- **Work order**
Lines before the one containing "La Ligue Île-de-France" are not wanted; restate the rest below word for word, through the last line, but drop any pictures.
----- Extracted data
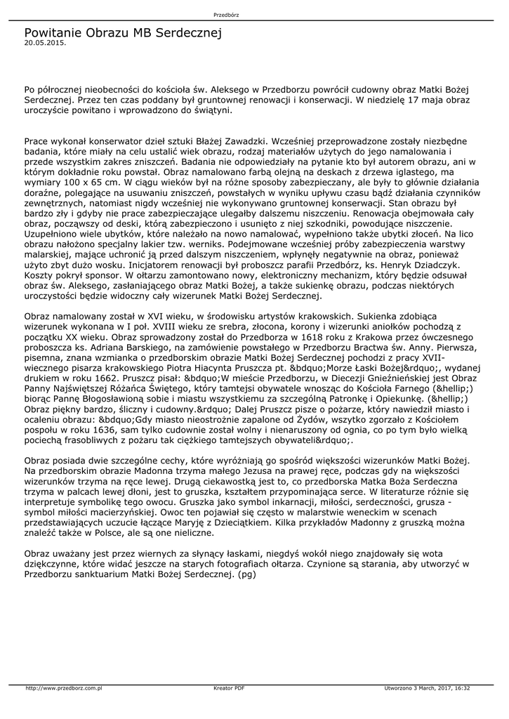 Przedbórz Powitanie Obrazu MB Serdecznej 20.05.2015. Po półrocznej nieobecności do kościoła św. Aleksego w Przedborzu powrócił cudowny obraz Matki Bożej Serdecznej. Przez ten czas poddany był gruntownej renowacji i konserwacji. W niedzielę 17 maja obraz uroczyście powitano i wprowadzono do świątyni. Prace wykonał konserwator dzieł sztuki Błażej Zawadzki. Wcześniej przeprowadzone zostały niezbędne badania, które miały na celu ustalić wiek obrazu, rodzaj materiałów użytych do jego namalowania i przede wszystkim zakres zniszczeń. Badania nie odpowiedziały na pytanie kto był autorem obrazu, ani w którym dokładnie roku powstał. Obraz namalowano farbą olejną na deskach z drzewa iglastego, ma wymiary 100 x 65 cm. W ciągu wieków był na różne sposoby zabezpieczany, ale były to głównie działania doraźne, polegające na usuwaniu zniszczeń, powstałych w wyniku upływu czasu bądź działania czynników zewnętrznych, natomiast nigdy wcześniej nie wykonywano gruntownej konserwacji. Stan obrazu był bardzo zły i gdyby nie prace zabezpieczające ulegałby dalszemu niszczeniu. Renowacja obejmowała cały obraz, począwszy od deski, którą zabezpieczono i usunięto z niej szkodniki, powodujące niszczenie. Uzupełniono wiele ubytków, które należało na nowo namalować, wypełniono także ubytki złoceń. Na lico obrazu nałożono specjalny lakier tzw. werniks. Podejmowane wcześniej próby zabezpieczenia warstwy malarskiej, mające uchronić ją przed dalszym niszczeniem, wpłynęły negatywnie na obraz, ponieważ użyto zbyt dużo wosku. Inicjatorem renowacji był proboszcz parafii Przedbórz, ks. Henryk Dziadczyk. Koszty pokrył sponsor. W ołtarzu zamontowano nowy, elektroniczny mechanizm, który będzie odsuwał obraz św. Aleksego, zasłaniającego obraz Matki Bożej, a także sukienkę obrazu, podczas niektórych uroczystości będzie widoczny cały wizerunek Matki Bożej Serdecznej. Obraz namalowany został w XVI wieku, w środowisku artystów krakowskich. Sukienka zdobiąca wizerunek wykonana w I poł. XVIII wieku ze srebra, złocona, korony i wizerunki aniołków pochodzą z początku XX wieku. Obraz sprowadzony został do Przedborza w 1618 roku z Krakowa przez ówczesnego proboszcza ks. Adriana Barskiego, na zamówienie powstałego w Przedborzu Bractwa św. Anny. Pierwsza, pisemna, znana wzmianka o przedborskim obrazie Matki Bożej Serdecznej pochodzi z pracy XVIIwiecznego pisarza krakowskiego Piotra Hiacynta Pruszcza pt. „Morze Łaski Bożej”, wydanej drukiem w roku 1662. Pruszcz pisał: „W mieście Przedborzu, w Diecezji Gnieźnieńskiej jest Obraz Panny Najświętszej Różańca Świętego, który tamtejsi obywatele wnosząc do Kościoła Farnego (…) biorąc Pannę Błogosławioną sobie i miastu wszystkiemu za szczególną Patronkę i Opiekunkę. (…) Obraz piękny bardzo, śliczny i cudowny.” Dalej Pruszcz pisze o pożarze, który nawiedził miasto i ocaleniu obrazu: „Gdy miasto nieostrożnie zapalone od Żydów, wszytko zgorzało z Kościołem pospołu w roku 1636, sam tylko cudownie został wolny i nienaruszony od ognia, co po tym było wielką pociechą frasobliwych z pożaru tak ciężkiego tamtejszych obywateli”. Obraz posiada dwie szczególne cechy, które wyróżniają go spośród większości wizerunków Matki Bożej. Na przedborskim obrazie Madonna trzyma małego Jezusa na prawej ręce, podczas gdy na większości wizerunków trzyma na ręce lewej. Drugą ciekawostką jest to, co przedborska Matka Boża Serdeczna trzyma w palcach lewej dłoni, jest to gruszka, kształtem przypominająca serce. W literaturze różnie się interpretuje symbolikę tego owocu. Gruszka jako symbol inkarnacji, miłości, serdeczności, grusza symbol miłości macierzyńskiej. Owoc ten pojawiał się często w malarstwie weneckim w scenach przedstawiających uczucie łączące Maryję z Dzieciątkiem. Kilka przykładów Madonny z gruszką można znaleźć także w Polsce, ale są one nieliczne. Obraz uważany jest przez wiernych za słynący łaskami, niegdyś wokół niego znajdowały się wota dziękczynne, które widać jeszcze na starych fotografiach ołtarza. Czynione są starania, aby utworzyć w Przedborzu sanktuarium Matki Bożej Serdecznej. (pg) http://www.przedborz.com.pl Kreator PDF Utworzono 3 March, 2017, 16:32 Przedbórz http://www.przedborz.com.pl Kreator PDF Utworzono 3 March, 2017, 16:32 Przedbórz Obraz przed renowacją i po renowacji http://www.przedborz.com.pl Kreator PDF Utworzono 3 March, 2017, 16:32
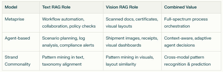 The Hansen Fit Score’s Metaprise, Agent-based, and Strand Commonality models use both Text RAG and Vision RAG to create a holistic, adaptive, and future-proof procurement analytics and decision-making framework. By leveraging both modalities, these models ensure that no critical information—whether textual or visual—is overlooked, enabling more accurate, resilient, and strategic procurement operations in an increasingly complex world.
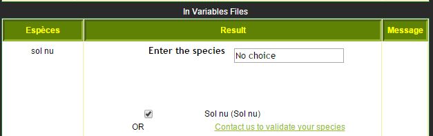 Une liste s’affiche avec toutes les espèces présentes dans le fichier d’importation. Il est nécessaire de toutes les vérifier. Plusieurs cas de figure se présentent :
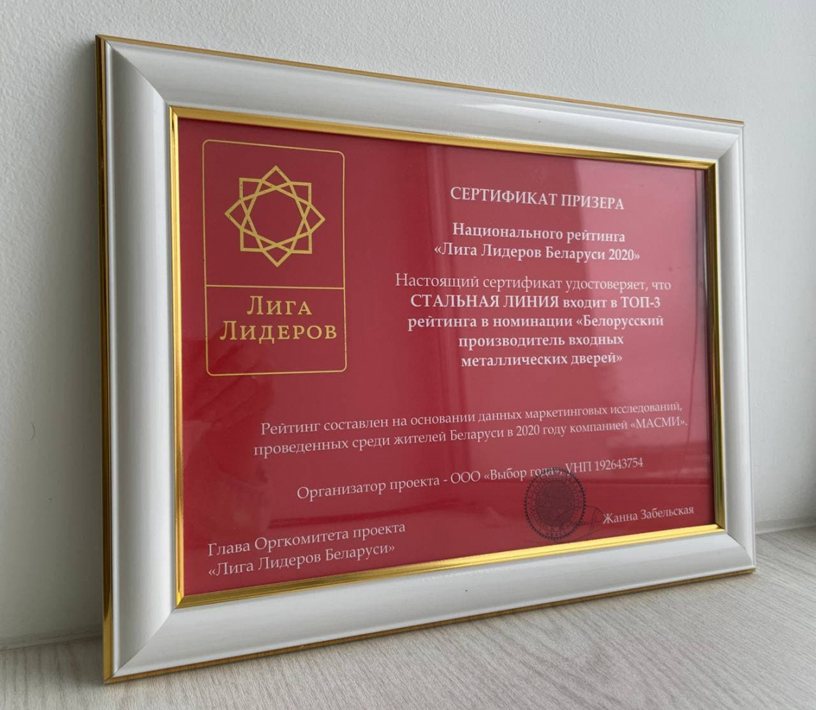 Мы рады, что вы выбираете нас, ведь именно уровень вашего доверия к нам послужил основанием для награждения компании почетным местом в рейтинге. Наша продукция будет носить знак «Лиги лидеров» два года, а потом мы снова постараемся оправдать ваши ожидания и подтвердить звание лидеров по производству входных металлических дверей на рынке Беларуси.
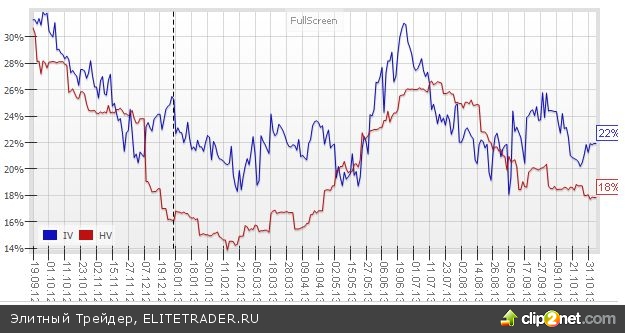 Напомню, подразумеваемая волатильность устанавливается самими участники торгов и обычно классифицируется как индикатор страха.
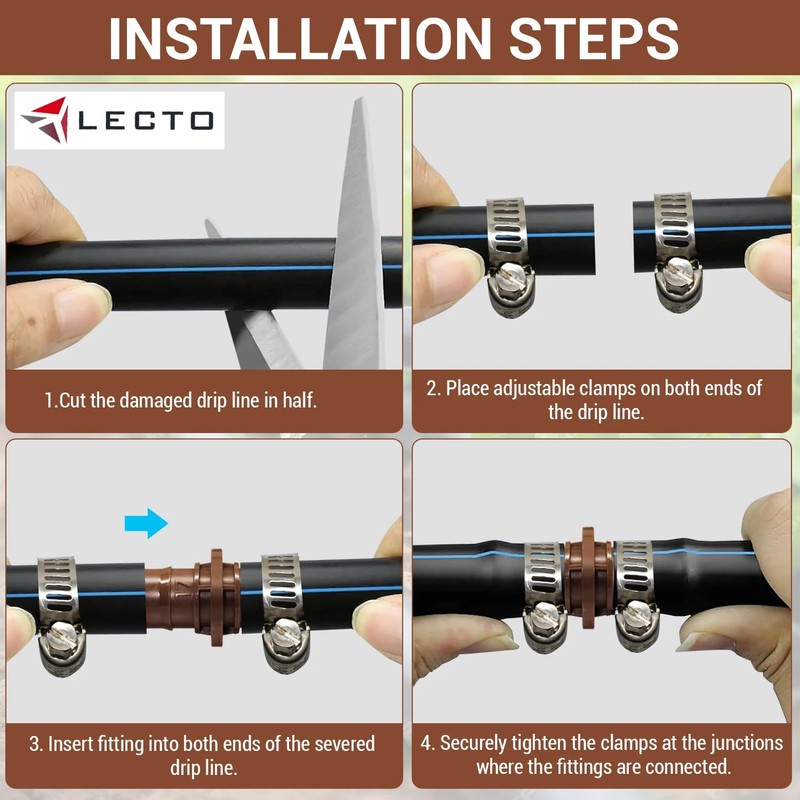 LECTO Universal 5/8", 1/2", .700" Drip Line Repair & Extension Kit – Plastic Coupler with 2 Stainless Steel Hose Clamps
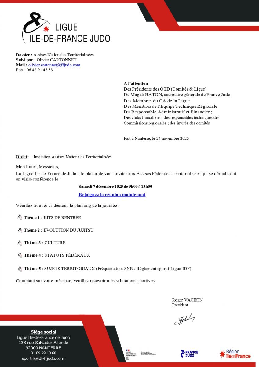 La Ligue Île-de-France de Judo a le plaisir de vous convier aux Assises Fédérales Territorialisées qui se tiendront le dimanche 7 décembre 2025 en Visio, de 9h00 à 13h00, en visioconférence.
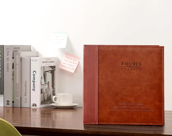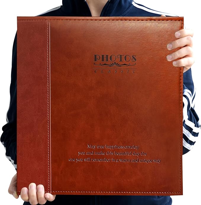 Magnetic Self-Stick Page Photo Album, Family Album, Leather Cover, Hand Made DIY Albums Holds 3x5, 4x6, 5x7, 6x8,8x10 Photos A52035 (Red Brown, Large)
----------
- **Reply**
 La Ligue Île-de-France de Judo a le plaisir de vous convier aux Assises Fédérales Territorialisées qui se tiendront le dimanche 7 décembre 2025 en Visio, de 9h00 à 13h00, en visioconférence.
 Magnetic Self-Stick Page Photo Album, Family Album, Leather Cover, Hand Made DIY Albums Holds 3x5, 4x6, 5x7, 6x8,8x10 Photos A52035 (Red Brown, Large)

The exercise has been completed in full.